Brief => Restate each line of the listing exactly, without carrying over any pictures.

Supplied information section start

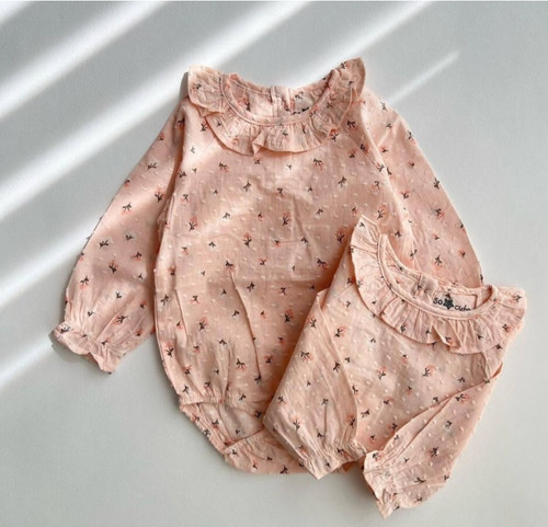 بادی مجلسی دخترانه سوکیوت طرح گلدار برجسته نوزادی کد 1108
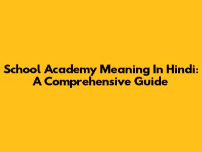 School Academy Meaning In Hindi: A Comprehensive Guide
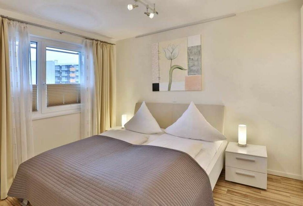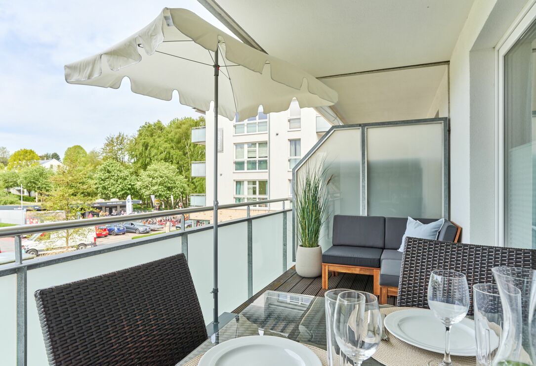 Helle und freundliche 3-Zimmer-Ferienwohnung, ca. 67 m², für bis zu 4 Personen, Westbalkon, Duschbad mit Waschmaschine. Tiefgaragenstellplatz, Einfahrtshöhe 1,98 m, Lademöglichkeit für elektrische Fahrzeuge, Fahrstuhl
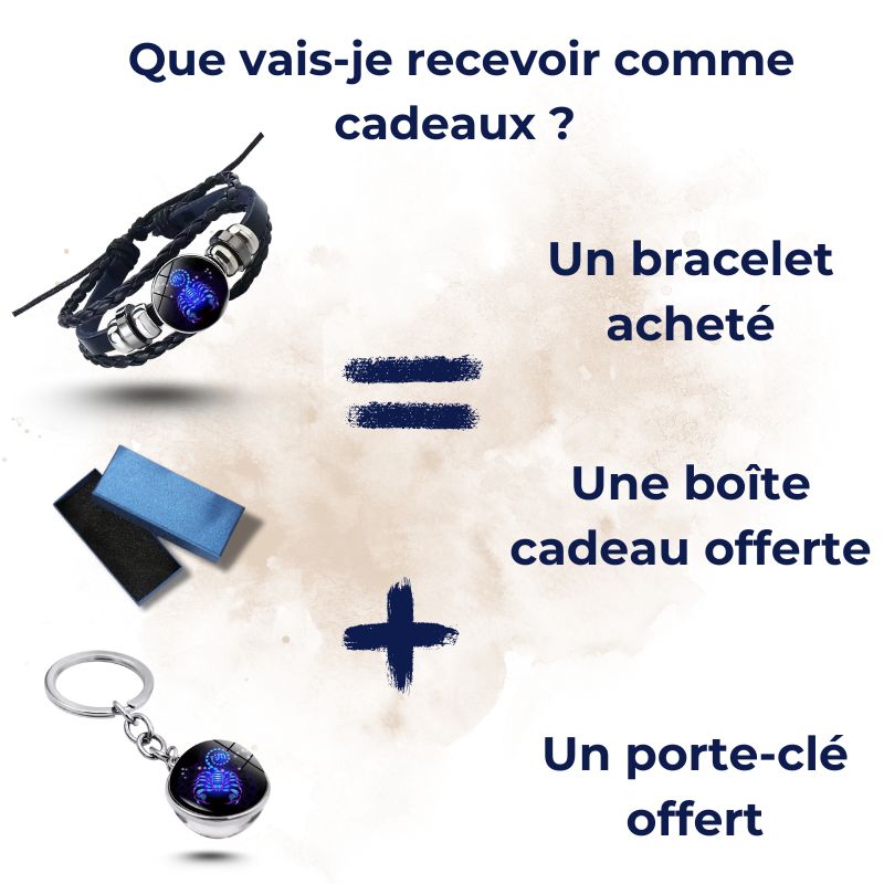 Nous vous offrons un porte-clé avec votre signe astrologique ainsi qu'une boîte cadeau pour offrir et/ou pour ranger votre bracelet Autelmoon.

Supplied information section end

Completed task =>
 بادی مجلسی دخترانه سوکیوت طرح گلدار برجسته نوزادی کد 1108
 School Academy Meaning In Hindi: A Comprehensive Guide
 Helle und freundliche 3-Zimmer-Ferienwohnung, ca. 67 m², für bis zu 4 Personen, Westbalkon, Duschbad mit Waschmaschine. Tiefgaragenstellplatz, Einfahrtshöhe 1,98 m, Lademöglichkeit für elektrische Fahrzeuge, Fahrstuhl
 Nous vous offrons un porte-clé avec votre signe astrologique ainsi qu'une boîte cadeau pour offrir et/ou pour ranger votre bracelet Autelmoon.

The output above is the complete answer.